"We have every confidence in you, Mr. Byrne," said Gerald, earnestly, "and we are both satisfied that the case could not have been entrusted into more capable hands than yours."
While Gerald was speaking, a door that led to an inner room was opened, and Miriam Byrne came in.
Byrne rose, laid one hand on the region of his heart, and waved the other gracefully.
"My daughter, Mr. Warburton--my only child," he said.
"I am glad that you have called to see us, Mr. Warburton," said Miriam, frankly, in her rich, full voice. "My father has talked so much about you that my curiosity was quite piqued to see for myself what his rara avis was like."

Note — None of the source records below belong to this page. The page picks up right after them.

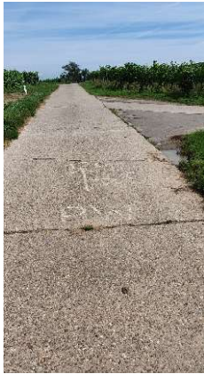
5. Trennung 1
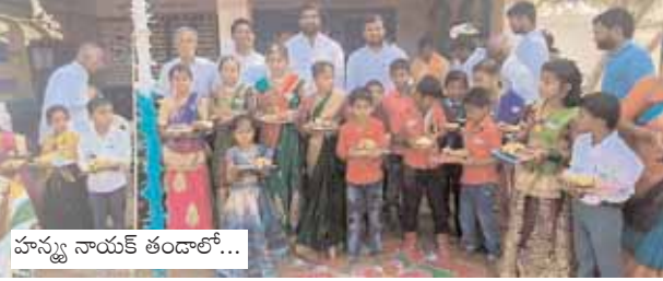
హస్త్య నాయక్ తండాలో...
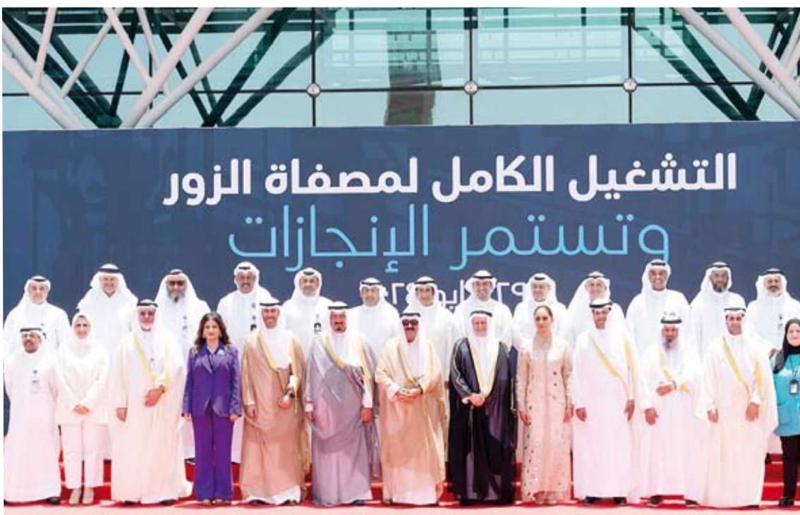
لقطة تذكارية مع سمو أمير البلاد خلال رعايته وحضوره الاحتفالية الرسمية للتشغيل الكامل لمصفاة الزور

وتقدمت الكويت مرتبة واحدة في تقرير الكتاب السنوي للتنافسية العالمية الصادر عن مركز التنافسية العالمي التابع للمعهد الدولي
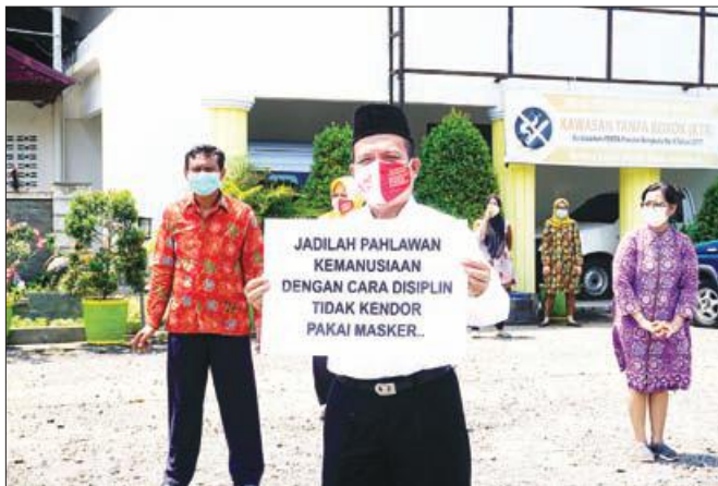
KAMPANYE: Poster Kampanye ajakan agar disiplin pakai masker dan jangan sampe kendor.

Herwan juga mengajak kembali masyarakat agar terus mengobarkan jiwa kepahlawanan di tengah pandemi Covid-19. Yakni dengan mencegah penularan Covid dan terus mematuhi protokol kesehatan 3M (memakai masker, menjaga jarak, dan
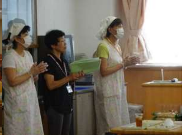
●いつも、がんばっておられるボランティアさん
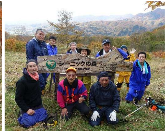
▲参加者全員での集合写真
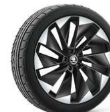
21" SUPERNOVA melna metālika 1 580 €
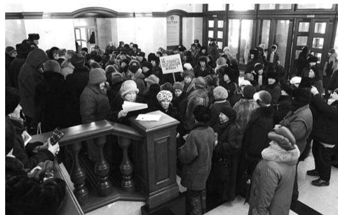
■ НА ФОТО: ПОЧТИ ГОД НАЗАД, 22 ДЕКАБРЯ 2010 ГОДА ПЕРВАЯ МАССОВАЯ АКЦИЯ ПРОТЕСТА ЗА СОХРАНЕНИЕ БЕЗЛИМИТНОГО ЛЬГОТНОГО ПРОЕЗДА ЗАКОНЧИЛАСЬ ШТУРМОМ МЭРИИ НОВОСИБИРСКА

КПРФ не намерена отступать и продолжит борьбу за полный возврат безлимитного льготного проезда!
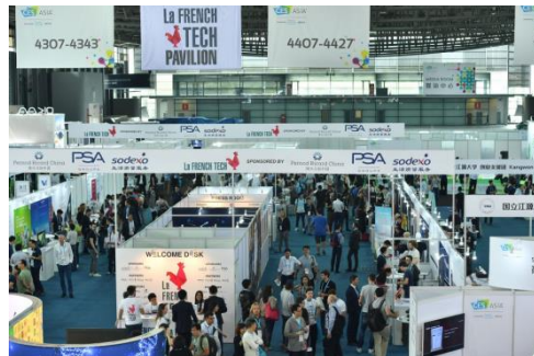
初创企业在2017年亚洲消费电子展上展示最新技术
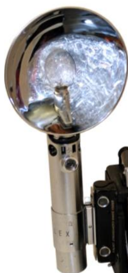
GRAFLEX-Speed Graphic Miniature- 1938-2 1/4x3 1.4
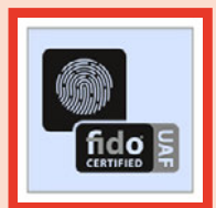
FIDO UAF 生体認証
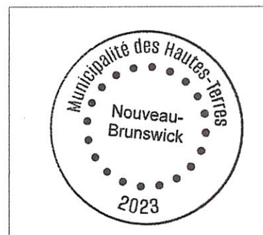
Sceau de la municipalité ici.
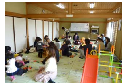
子育てサロンの様子
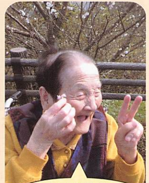
寒桜の前で...めずらしかあ〜
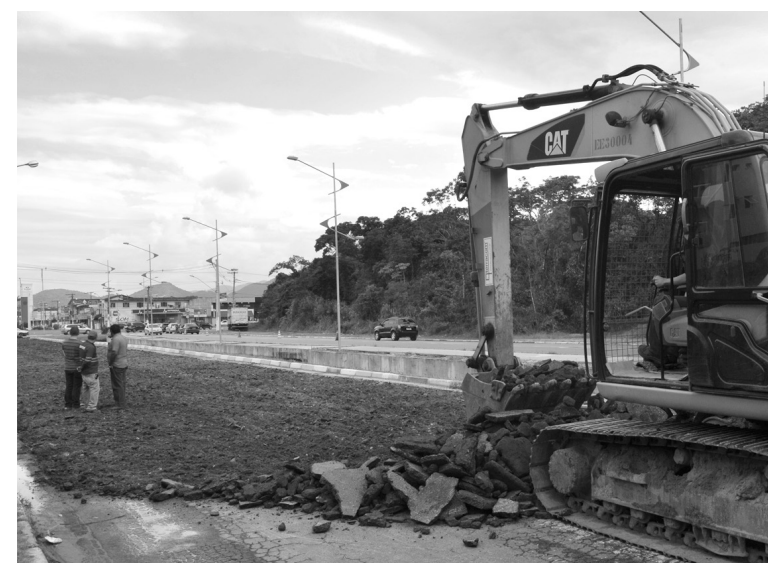
Serviços de recapeamento fazem parte da obra de duplicação da Avenida Anchieta

Com custo total de R$ 31,8 milhões, provenientes do Programa Saneamento para Todos, do Governo Federal, com contrapartida da Prefeitura de Bertioga no valor de R$ 9,5 milhões, os serviços estão sendo executados pela Terracom Engenharia Ltda.
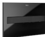
PL7 ONE -Przycisk podwójny szkło tworzywo
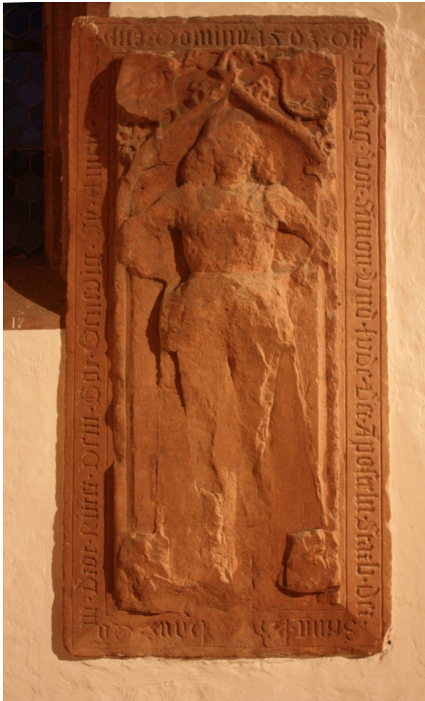
Grabstein des Ritters Hans von Droth 1503 (Albert Nagel, 2017)
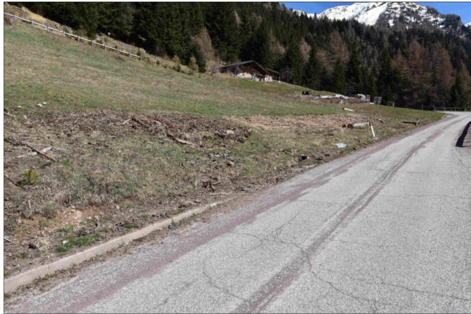
14 di data 06.04.2023
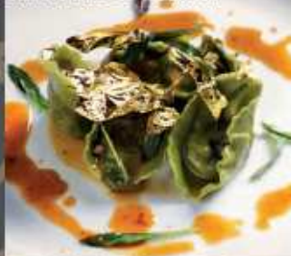
Ravioli alle erbe e faraona di corte padovana con foglia d'oro
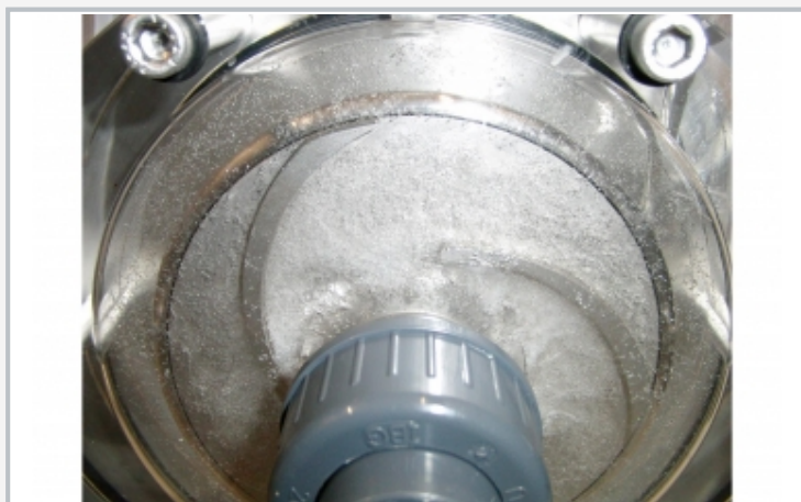
Formación de burbujas de vapor por cavitación en el rodete de la bomba
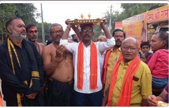
జగిత్యాల, టౌన్ డిసెంబర్ 22 ప్రజాజ్యోతి:
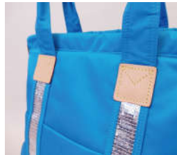
イタリアは、トスカーナ地方伝統の植物渋タンニンなめし革を使用しているので高級感抜群。
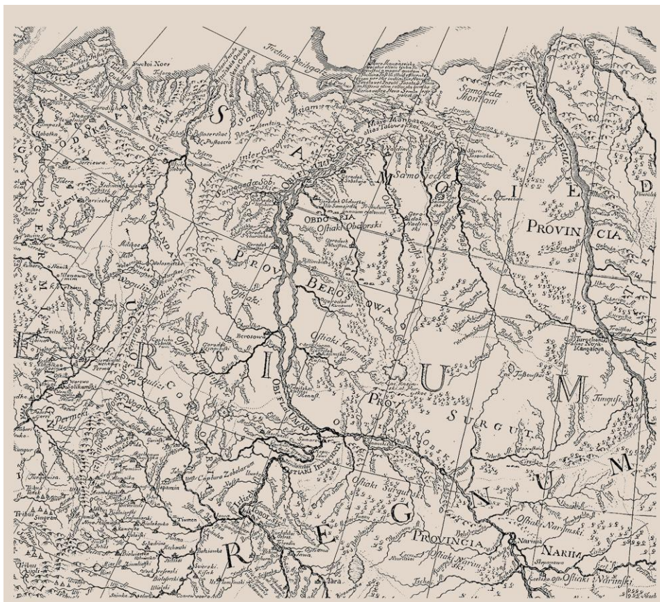
Рис. 11. Карта Ф. И. Страленберга (фрагмент). 1730 г. Fig. 11. Map by P. J. Strahlenberg (fragment). 1730

Если судить по историческим источникам, новгородская Югра упоминалась в Приуралье, московская – в Зауралье. Означает ли это пространственное перемещение Югры, или правильнее вести речь о смене власти и, соответственно, взгляда? Известно, что новая власть склонна к переименованию городов, улиц, народов [Головнёв, 2021, с. 210], и Югра могла стать заложницей московско-новгородских противоречий. Правильнее всего учитывать оба фактора: и различие в отношении Новгорода и Москвы к зависимым народам, и обновление новой властью прежних названий.
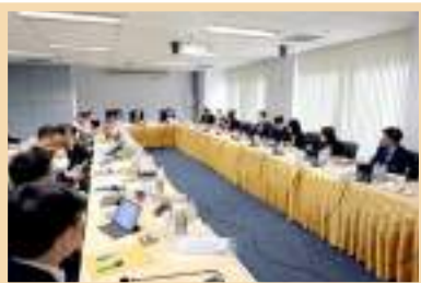
รูปการประชุมสภามหาวิทยาลัยพะเยา (ชุดใหม่) ณ ห้องประชุม L 807 วิทยาลัยการจัดการ มหาวิทยาลัยพะเยา กรุงเทพมหานคร
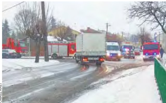
Potrącenie na Zgierskiej. Na pierwszym planie widać jak wyglądała wówczas nawierzchnia drogi.

w końcu XV w., był obrabowany i spalony przez Szwedów, został odbudowany w 1696 r. W latach 1898-1901 przeszedł przebudowę wg planów arch. Konstantego Wojciechowskiego. ewr
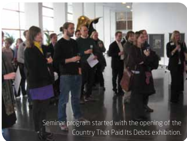
Seminar program started with the opening of the Country That Paid Its Debts exhibition.
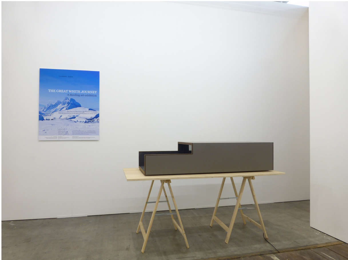
Vue de l'exposition à ArtBrussels, Sightseeing , Galerie Jérôme Poggi, 2014
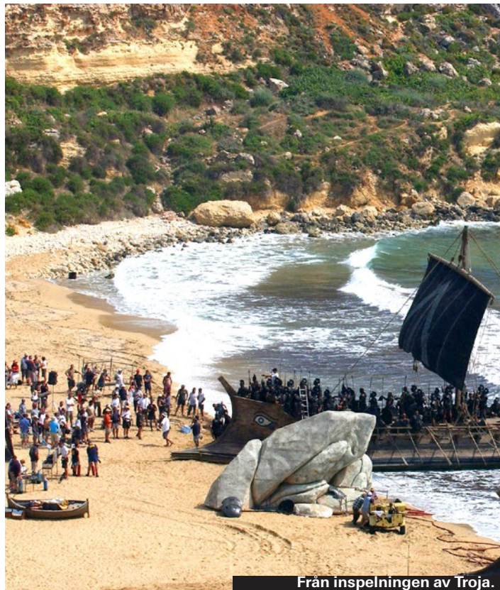
Från inspelningen av Troja.

I huvudstaden Valletta bor endast 6 300 människor, vilket känns som en märklig siffra när man irrar runt i de många grän-
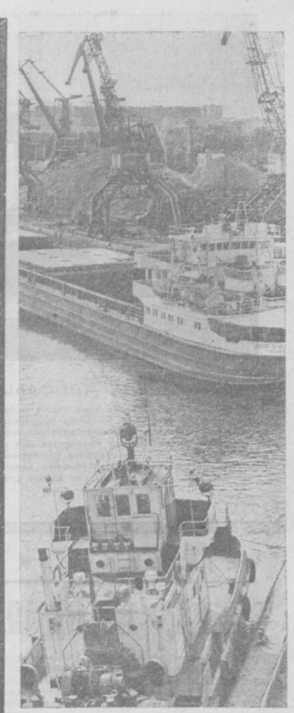
МОСКВА. Успешно трудятся столичные речники в завершающем году девятой пятилетки. Четыре крупных участка Западного порта уже завершили пятилетнее задание.

Дочь выросла, закончила техникум, теперь здесь же, в Геофизике, в библиотеке работает. В доме мир и согласие. Порядок, чистота. «Муж у меня насчет этого
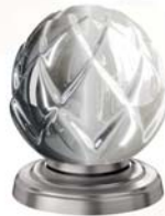
(.036-41) Nickel matt satin nickel
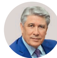
М. А. Эскиндаров Президент Финансового университета при Правительстве РФ
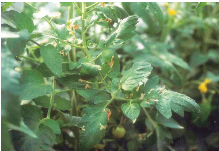
Figura 13. Daño de polilla ( T.absoluta ) sobre hojas de tomate.

Los daños se evidencian en todas las partes aéreas de la planta. Las larvas provocan el minado de las hojas, taladran los brotes y producen galerías en los frutos (Figura 13).
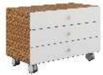
ТУМБА ПОДКАТНАЯ [ KY M80 ] Ш: 80 см. / Г: 45 см. / В: 50 см.
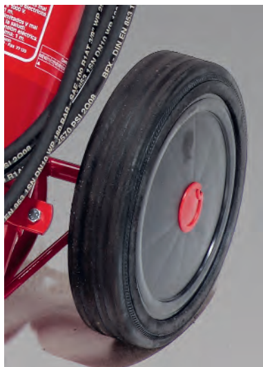
Breite, stabile Räder. Hohe Mobilität.
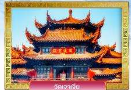
วัดเจาเจีย
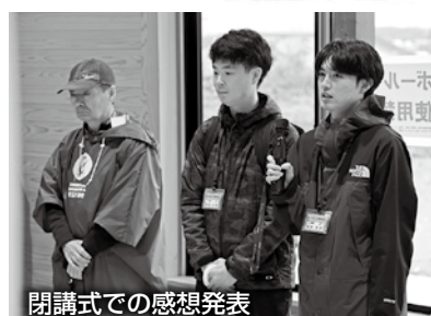
閉講式での感想発表
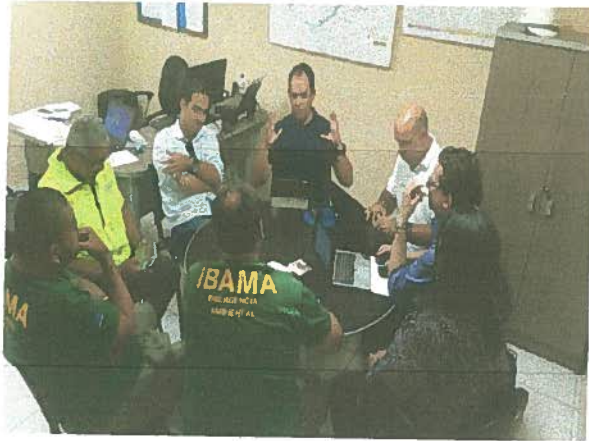
Reunião entre Ministério da Integração Nacional, IBAMA/PE, Consorcio CBSF, Gerenciadora e CMT Engenharia Eireli.

"You will find that I am a bird of very homely plumage," replied Gerald, with a smile. "Your father has been drawing on a too lively imagination. I am afraid that his rara avis will prove to be nothing more wonderful than our familiar friend--the goose."
"What a superb creature!" was Gerald's thought, as he sat down opposite Miriam; and that was the right phrase to apply to her.
Miss Byrne was at this time close upon her twenty-second birthday. Her beauty was of an altogether eastern type. Hardly anyone who met Miriam in the street took her to be an English girl; while to those who knew both her and her father, it was a constant source of wonder how "old Peter" could come to have for his daughter a girl so totally unlike him in every possible way. But Byrne's wife, who died when her daughter was quite an infant, had been a beautiful woman, and Miriam more than inherited her mother's good looks. People knowing the family averred that she was an exact counterpart of her grandmother: a lovely Roumanian Jewess, who had been brought over to England in the train of an Austrian lady of rank, and having found a husband here, had never gone back.
Eyes and hair of the black-set had Miriam Byrne. Large, liquid eyes, shaded with long, black lashes, and arched with delicate, well-defined brows; hair that fell in a thick, heavy mass to her very waist. Tints of the damask rose glowed through the dusky clearness of her cheeks. Her forehead was low and broad as that of some antique Venus. Her mouth was ripe and full, and might have looked somewhat coarse, had it not been relieved by her finely-cut nose with its delicate nostrils. She had on, this evening, a long, trailing dress of violet velvet, which harmonized admirably with her dusky loveliness--a rich, heavy-looking dress by gaslight, but one which daylight would have shown to be faded and frayed in many places. It had, in fact, at one time been a stage-dress, and as such, had been worn by Miss Kesteven of the Royal Westminster Theatre, when playing the heroine of one of Sardou's clever dramas.
The necklace of pearls, with earrings to match, which Miriam wore this evening, were also of stage parentage, but they looked so much like the real thing, that no one, save an expert, could have told without handling them that they were nothing better than clever shams. The one ring, too, which she wore--a hoop of diamonds--on her somewhat large, but well-shaped hand, was not more genuine than her pearl necklace. It had been bought for a few shillings in the Burlington Arcade; but it flashed famously in the gaslight; and as one cannot well take off a lady's ring in order to examine it, answered its purpose just as well as if it had cost a hundred guineas.